Julgo procedente em parte o pedido remanescente pendente de apreciação,

condenando os estabelecimentos particulares de ensino do Distrito Federal a cumprirem as obrigações estabelecidas no corpo desta decisão.

3. HONORÁRIOS PERICIAIS

Considerando o valor proposto pelo profissional e o nível de excelência do trabalho técnico desempenhado, acolho sua sugestão para arbitrar os honorários periciais em R$ 2.000,00.

Como apenas o autor, o respectivo assistente e o amicus curiae celebraram o negócio processual que resultou neste julgamento e o pedido inicial residual foi acolhido, ainda que parcialmente, condeno o SINEPE-DF a pagar a verba honorária pericial à vista de sua sucumbência na pretensão objeto da perícia.

 

Dispositivo

ISTO POSTO, julgo PROCEDENTE EM PARTE o pedido remanescente da ação civil pública, nos termos da fundamentação que integra o presente dispositivo para todos os efeitos e fins.

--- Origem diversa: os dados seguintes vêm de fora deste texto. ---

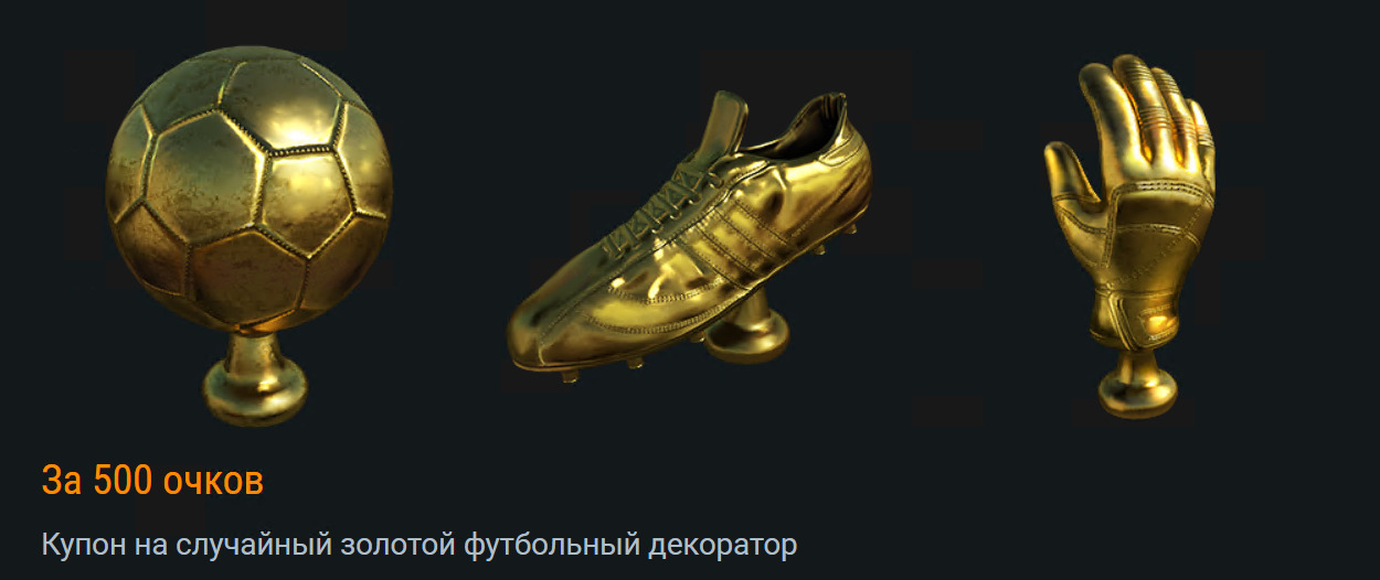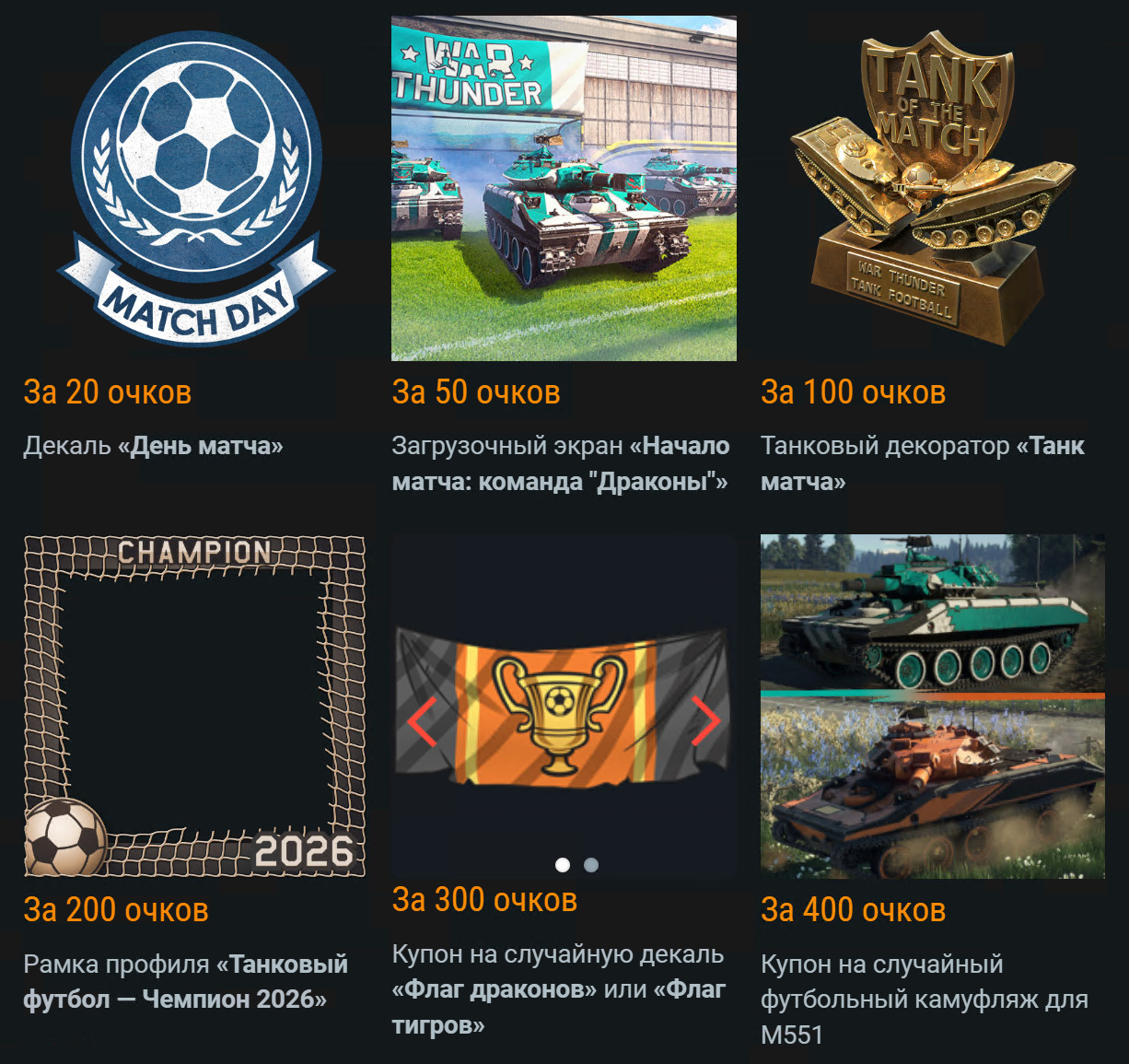 За каждый гол, голевую передачу или сейв вы будете получать очки прогресса достижений. Награды акции выдаются за определённое количество очков, полученных во время матчей в событиях «Танковый футбол».

Honorários periciais, no importe de R$ 2.000,00, pelo SINEPE-DF.

Custas, pelo SINEPE-DF, no importe de R$ 200,00, calculadas sobre R$ 10.000,00, valor arbitrado à condenação, a serem recolhidas em cinco dias.

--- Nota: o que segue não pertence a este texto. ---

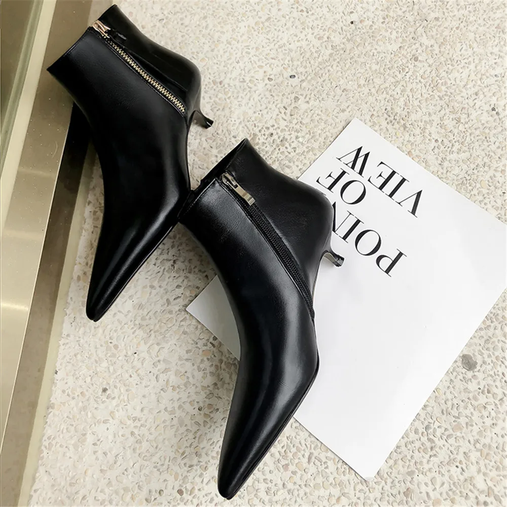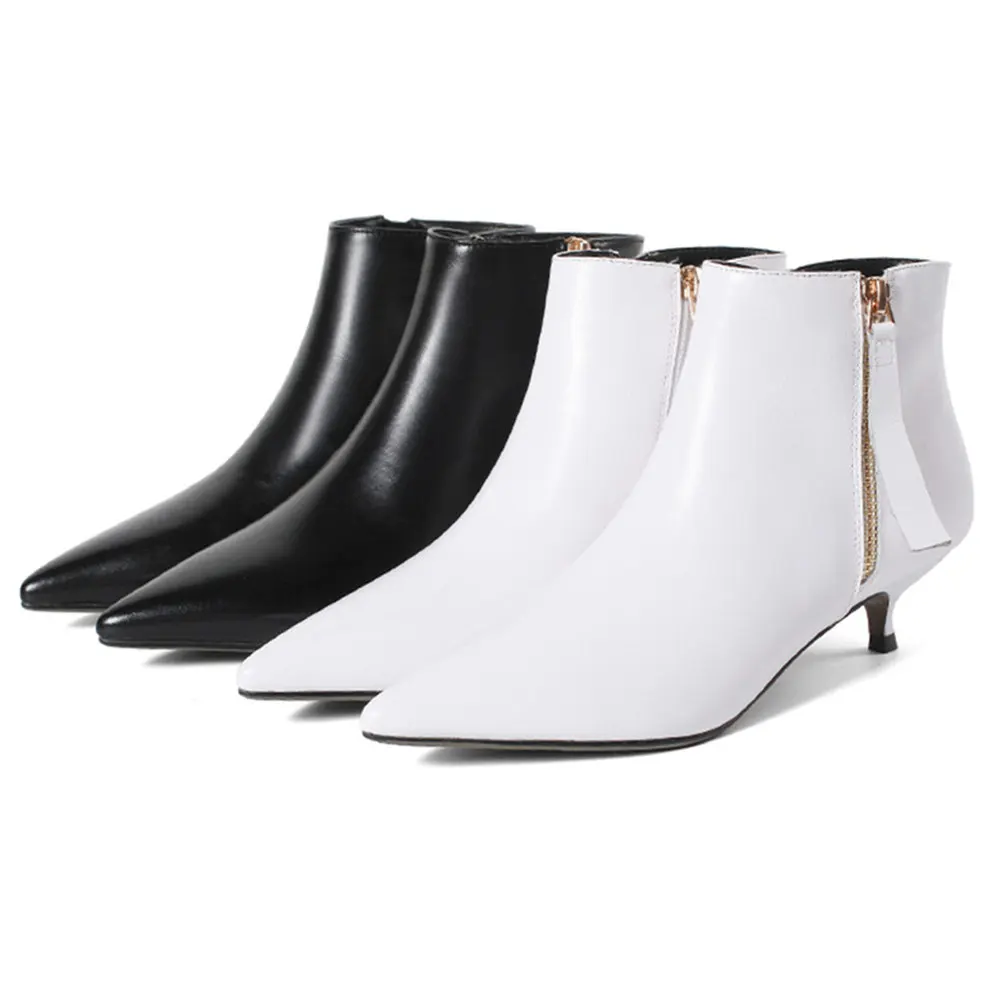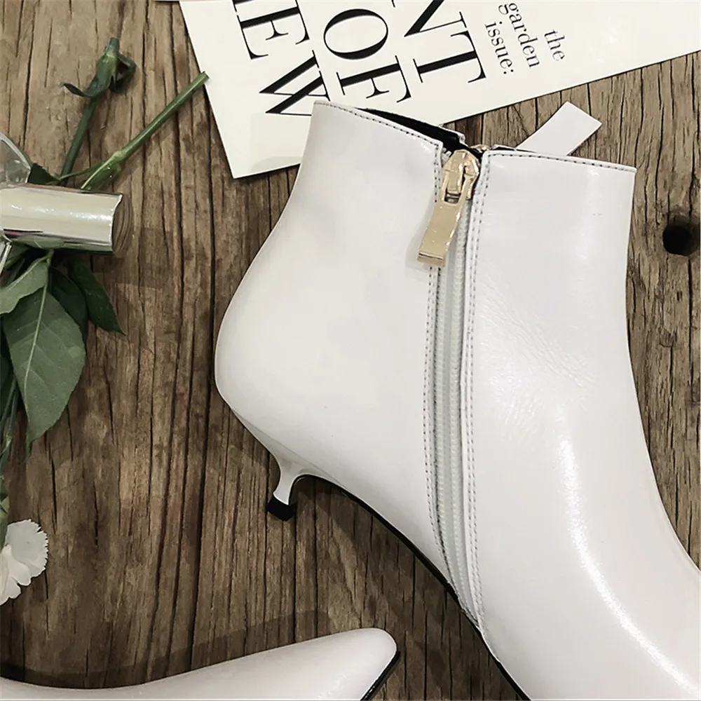 Новинка; женские ботильоны из коровьей кожи на низком каблуке; сезон весна-осень; цвет черный, белый; женские офисные модельные туфли с острым носком; Aiyoway

Sentença irrecorrível por deliberação consensual das partes, não sendo suscetível de embargos de declaração, recurso que são (CPC, art. 994, IV).

Em nome da total transparência e clareza dos atos jurisdicionais, em caso de necessidade será aceito pedido de esclarecimentos sem efeito infringente, suspensivo nem interruptivo, a ser apresentado no prazo preclusivo de cinco dias.

Publique-se para ciência do assistente do autor e do amicus curiae.

Intimem-se o autor e o réu via sistema.

BRASILIA/DF, 13 de setembro de 2020.